* _SUPPLIED RECORDS_:

——

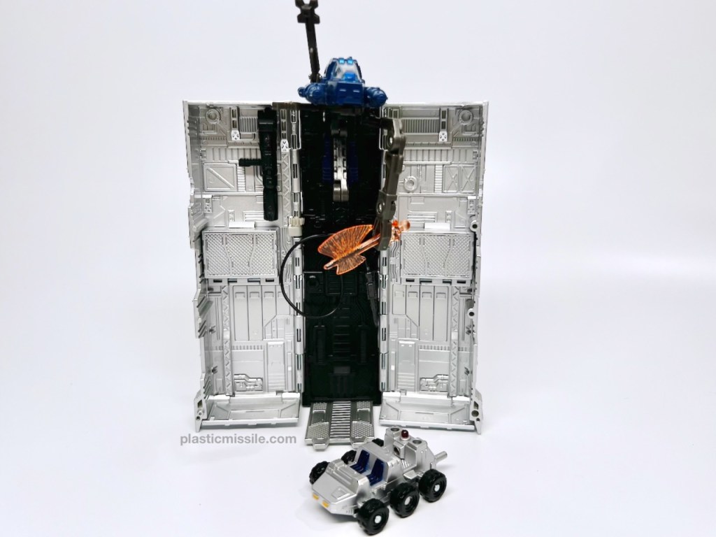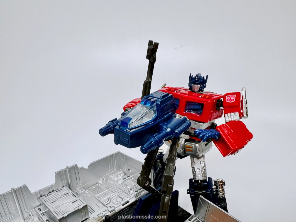 In horizontal mode, the whole trailer becomes kind of an artillery base that Convoy can operate. To me it looks like a futuristic armed sled that Prime / Convoy steers from the back. I especially like this mode and the little handles on the telescoping crane gun that let him hold on and fire. There are no spring-fire missiles on the cockpit, but I don’t miss them very much given all the articulation.
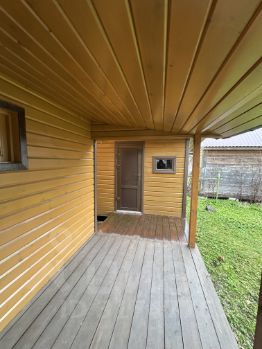 В хозблоке расположен туалет, душевая кабина и небольшая сауна.
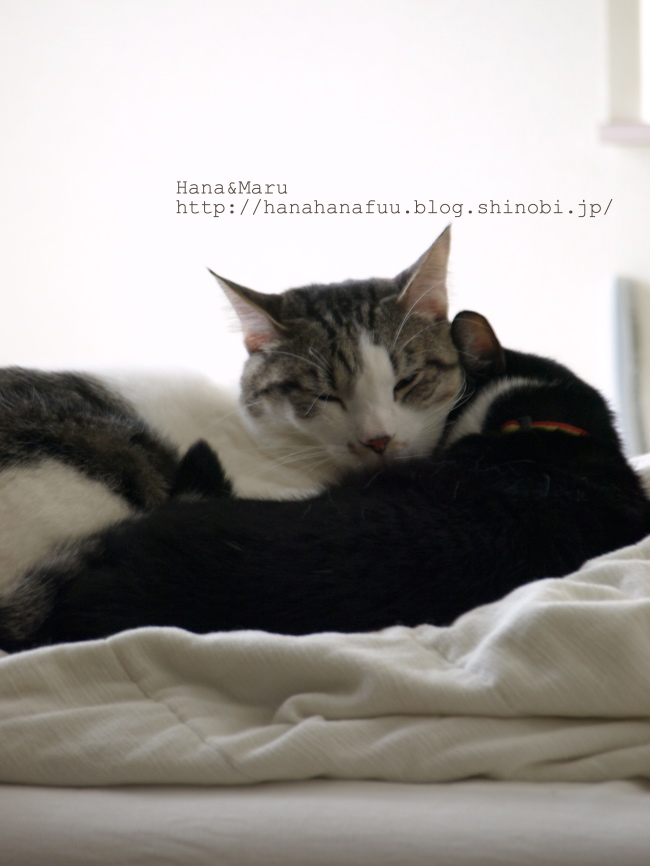 3、 ハナマルが大好き。ハナにはしょっちゅうパンチされ、寝ているとマルにまたがれたりするけど、ハナマルが大好き。でも外の猫は苦手。
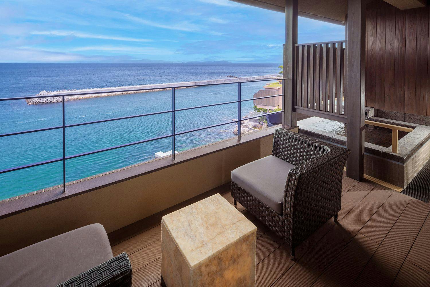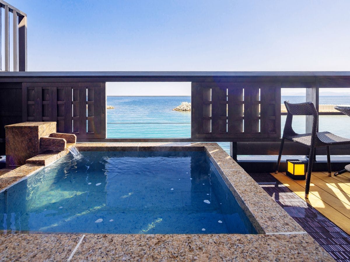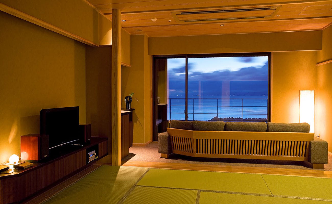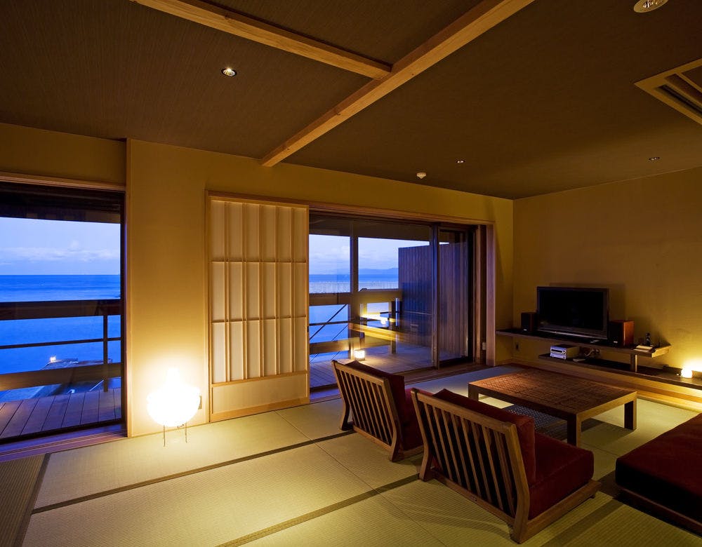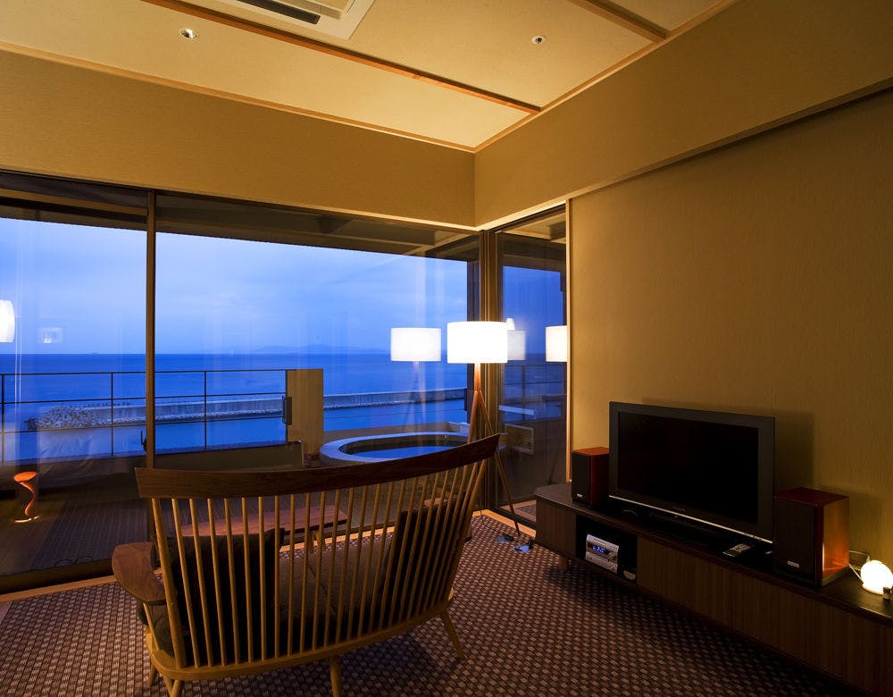 天原全18室の中で4室(内3室禁煙室)からなる和洋室タイプ。忙しい日常から離れ、すべてのものから開放される海辺の贅沢なひと時。ゆっくりと流れる自分だけの休日をお過し下さいませ。
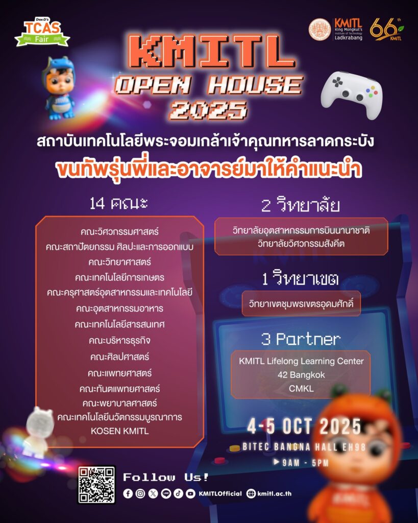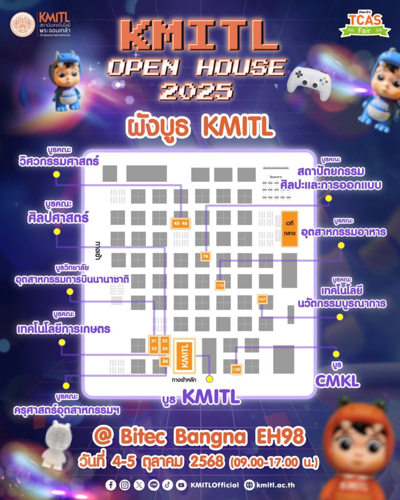 พบกันที่งาน KMITLOpenHouse x Dek-D’s TCAS Fair 🧡💚 เข้างานฟรี!!! คณะเทคโนโลยีการเกษตร บูธ34 และ บูธส่วนกลางkmitlBy Thapana / 29/09/2025 พบเจอกับรุ่นพี่และอาจารย์หลากหลายจากหลักสูตร พร้อมพาทุกคนสนุกไปกับโลกแห่ง “KMITL : Living Lab” ภายในงาน Dek-D’s TCAS Fair 2025น้องๆอย่าลืมเตรียม iFolio ให้พร้อม แล้วมาตะลุยในโลกแห่ง “KMITL : Living Lab”สร้างโปรไฟล์ : https://ifolio.kmitl.ac.th/signin รอได้เลย!! 4 – 5 October 2025 | 9AM – 5PM บูธ VIP @BITEC Bangna EH 98 ไม่ต้องลงทะเบียน พิเศษ! เปิดทำพอร์ตฟรีทาง : https://ifolio.kmitl.ac.th/signin ติดตามข้อมูลเพิ่มเติม : https://linktr.ee/kmitlofficial
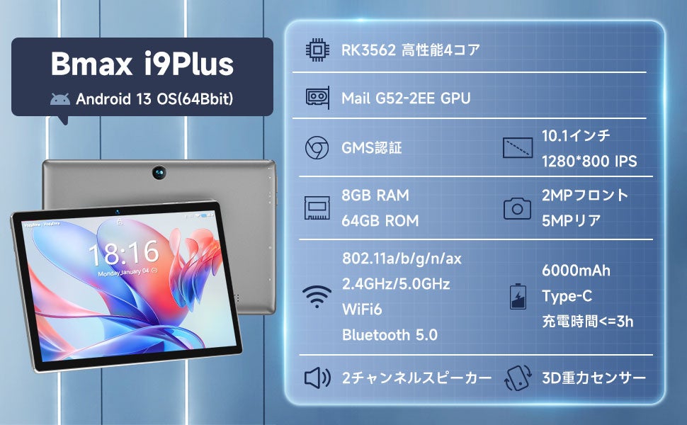 Bmax i9 Plus Android タブレットはRK3562高性能4コア2.0Ghz CPUが搭載なので、低消費電力と低発熱を実現でき、様々な機能が強化されており、より軽快な動作と高速な処理が可能になります。前世代と比較してパフォーマンスが127%向上しました。8GB RAMと64GB ROMの高速ストレージを搭載し、アプリを素早く起動させます。更に1TBまでメモリーの拡張ができ、容量を気にせずGoogle Playで 人気なアプリに対応でき、ビデオ、音楽、電子書籍、オンライン授業、ネットサーフィン、ゲームなど様々なエンターテイメントもこの一台で十分で、子供にも適当贈り物/子供用タブレットpcです。
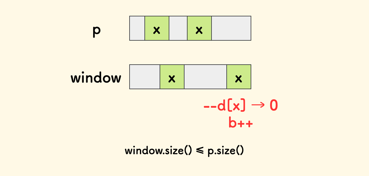 采用一个哈希表 d 来维护滑窗内的字符出现的频次:
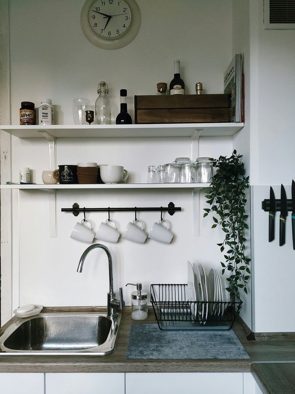 Все еще считаете, что открытые полки в кухне — это неудобно? А может быть, вам кажется, что они уже стали обыденностью? Мы хотим переубедить вас и подсказать классные идеи открытого хранения, которые реально реализовать даже своими руками, используя товары ИКЕА! На фото: ФИНТОРП Рейлинг, черный Арт. номер: 803.813.45 ЛАКК Полка навесная, белый Арт. номер: 803.794.94 ФИНТОРП Сушилка посудная Арт. номер: 303.813.38 ФИНТОРП Крючок, черный Арт. номер: 903.813.40 ФИНТОРП Магнитная планка Арт. номер: 103.813.44

——

* _WHAT IS REQUIRED_: Render all entries verbatim, excluding any pictures they hold.

* _TASK ANSWER_:
 In horizontal mode, the whole trailer becomes kind of an artillery base that Convoy can operate. To me it looks like a futuristic armed sled that Prime / Convoy steers from the back. I especially like this mode and the little handles on the telescoping crane gun that let him hold on and fire. There are no spring-fire missiles on the cockpit, but I don’t miss them very much given all the articulation.
 В хозблоке расположен туалет, душевая кабина и небольшая сауна.
 3、 ハナマルが大好き。ハナにはしょっちゅうパンチされ、寝ているとマルにまたがれたりするけど、ハナマルが大好き。でも外の猫は苦手。
 天原全18室の中で4室(内3室禁煙室)からなる和洋室タイプ。忙しい日常から離れ、すべてのものから開放される海辺の贅沢なひと時。ゆっくりと流れる自分だけの休日をお過し下さいませ。
 พบกันที่งาน KMITLOpenHouse x Dek-D’s TCAS Fair 🧡💚 เข้างานฟรี!!! คณะเทคโนโลยีการเกษตร บูธ34 และ บูธส่วนกลางkmitlBy Thapana / 29/09/2025 พบเจอกับรุ่นพี่และอาจารย์หลากหลายจากหลักสูตร พร้อมพาทุกคนสนุกไปกับโลกแห่ง “KMITL : Living Lab” ภายในงาน Dek-D’s TCAS Fair 2025น้องๆอย่าลืมเตรียม iFolio ให้พร้อม แล้วมาตะลุยในโลกแห่ง “KMITL : Living Lab”สร้างโปรไฟล์ : https://ifolio.kmitl.ac.th/signin รอได้เลย!! 4 – 5 October 2025 | 9AM – 5PM บูธ VIP @BITEC Bangna EH 98 ไม่ต้องลงทะเบียน พิเศษ! เปิดทำพอร์ตฟรีทาง : https://ifolio.kmitl.ac.th/signin ติดตามข้อมูลเพิ่มเติม : https://linktr.ee/kmitlofficial
 Bmax i9 Plus Android タブレットはRK3562高性能4コア2.0Ghz CPUが搭載なので、低消費電力と低発熱を実現でき、様々な機能が強化されており、より軽快な動作と高速な処理が可能になります。前世代と比較してパフォーマンスが127%向上しました。8GB RAMと64GB ROMの高速ストレージを搭載し、アプリを素早く起動させます。更に1TBまでメモリーの拡張ができ、容量を気にせずGoogle Playで 人気なアプリに対応でき、ビデオ、音楽、電子書籍、オンライン授業、ネットサーフィン、ゲームなど様々なエンターテイメントもこの一台で十分で、子供にも適当贈り物/子供用タブレットpcです。
 采用一个哈希表 d 来维护滑窗内的字符出现的频次:
 Все еще считаете, что открытые полки в кухне — это неудобно? А может быть, вам кажется, что они уже стали обыденностью? Мы хотим переубедить вас и подсказать классные идеи открытого хранения, которые реально реализовать даже своими руками, используя товары ИКЕА! На фото: ФИНТОРП Рейлинг, черный Арт. номер: 803.813.45 ЛАКК Полка навесная, белый Арт. номер: 803.794.94 ФИНТОРП Сушилка посудная Арт. номер: 303.813.38 ФИНТОРП Крючок, черный Арт. номер: 903.813.40 ФИНТОРП Магнитная планка Арт. номер: 103.813.44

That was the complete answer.